Hi, looking for a portable to do LR editing.  Been looking at HP Spectre x360 15 as like the idea of being able to edit in tablet mode with stylus.  Views?


----------



## Ian.B (Apr 19, 2017)

all depends how seriously do you take your photography and editing ?
The Gurus will tell us we need to calibrate our monitors ---- have our monitors at the same angle ---- edit our photos only in the same light so that means we should not have too much, or any natural light in the room
I  use a monitor and not the not the lappy --- but I often have variable natural light -- my monitor is "calibrated" by eye only --- but then I don't take or need to take my photography  over seriously these days

the point here being that a tablet or 2 in 1 would be IMO worse than my current set up . table / 2-1 would great for convenience but may not be practical  for serious edited . Bit like in pre-digital days I was thinking how good it would be to have the computer set so to look outside at the garden . Doesn't work like that so I soon found out. Digital editing is so different to most ways computers are used

Having said all that; my daughter does OK with her ipad thing (??)  .
it all depends how seriously do you/she/me take our photography and editing ; but a tablet would have to be better than a phone haha


----------



## clee01l (Apr 19, 2017)

I can't comment on the HP Spectre.   However. I know that the Microsoft Surface will do what you wish.   It has been my experience that a stylus is superfluous and likely not to get used as often as you are now anticipating. (Fingers work quite well on a touch screen)


----------



## tez3003 (Apr 23, 2017)

I've changed my mind now as the 2-in-1 devices are a lot of cash and seems to be lots of problems with them and difficulties with warranty.  Going to stick to PC for main LR editing but use LR Mobile on iPad and take the opportunity to upgrade from Air 2 to Pro 12.9.


----------



## Ian.B (Apr 25, 2017)

sounds wise to me even if 'pc' is about all I understood


----------



## SilvanaP (Apr 29, 2017)

I actually have a follow up question to this, if I may. After all, it is kind of a related question.

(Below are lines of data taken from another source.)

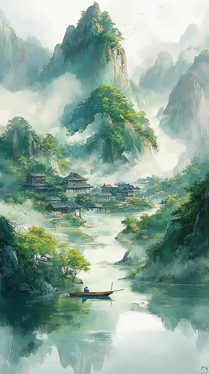 Hình nền AI art phong cảnh sơn thủy Á Đông, sương mù huyền bí, tải miễn phí 4K.
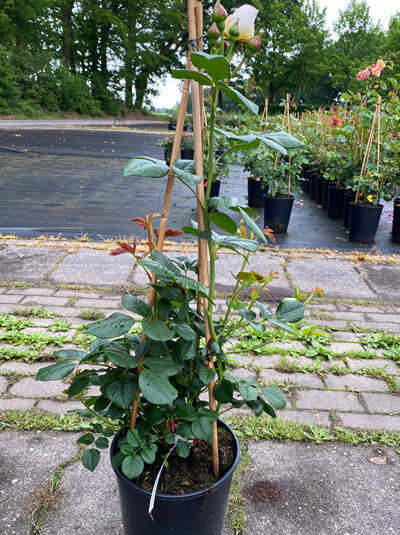 | Blüte: | Creme - weiß, halbgefüllt, öfter blühend, duftend. |
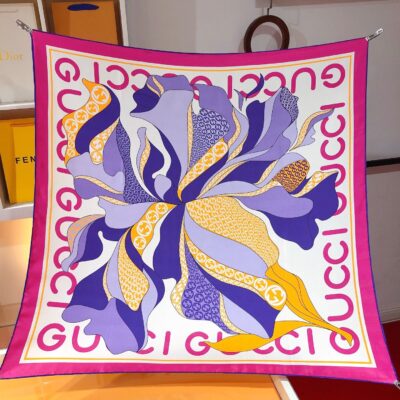 Original Gucci enlarged flower print twill 90cm square scarf. Deduce the brand logo with unconstrained creativity, injecting a touch of

I am also thinking about buying a 2-in1 laptop the HP spectre x360 13", just to have something to to some minor pre-editing on the go.

Some background: so far, I only edit on my desktop computer and a Wacom Intuos Pro tablet. I really love working with a pen, so I am also looking into a portable device that will support using one. After all, it is about portability, so I don't want to carry a mouse or even my Wacom tablet around.

I did a lot of research on that matter, and now I am more confused than ever.

I am using the Lightroom 6 standalone version, not Lightroom CC.
I have seen a couple of threads in Adobe's very own forum in which LR6 user are complaining about not being able to use brushes and filters anymore after upgrading from LR5 to LR6 (neither with their finger nor with a pen).

So wrapping up my question:
Will I be able to use LR6 with full functionality, i.e. all development tools, on 2-in-1s that support an active pen (e.g. HP spectre x360, Lenovo Yoga 720 series, or even Microsoft Surface series).
Or is this limited to LR CC subscribers only?
And so a 2-in-1 like a Lenovo 910, that does not support an active pen, will definititely NOT work with LR6. But will it work with Lightroom CC?

Thank you so much for any help and input I can get on this. This is really cracking me up.


----------



## Victoria Bampton (Apr 29, 2017)

SilvanaP said:


> will definititely NOT work with LR6. But will it work with Lightroom CC?



Anything that does or doesn't work with LR6 will be the same with CC, at least at this point in time, because they're exactly the same code, just licensed differently.


----------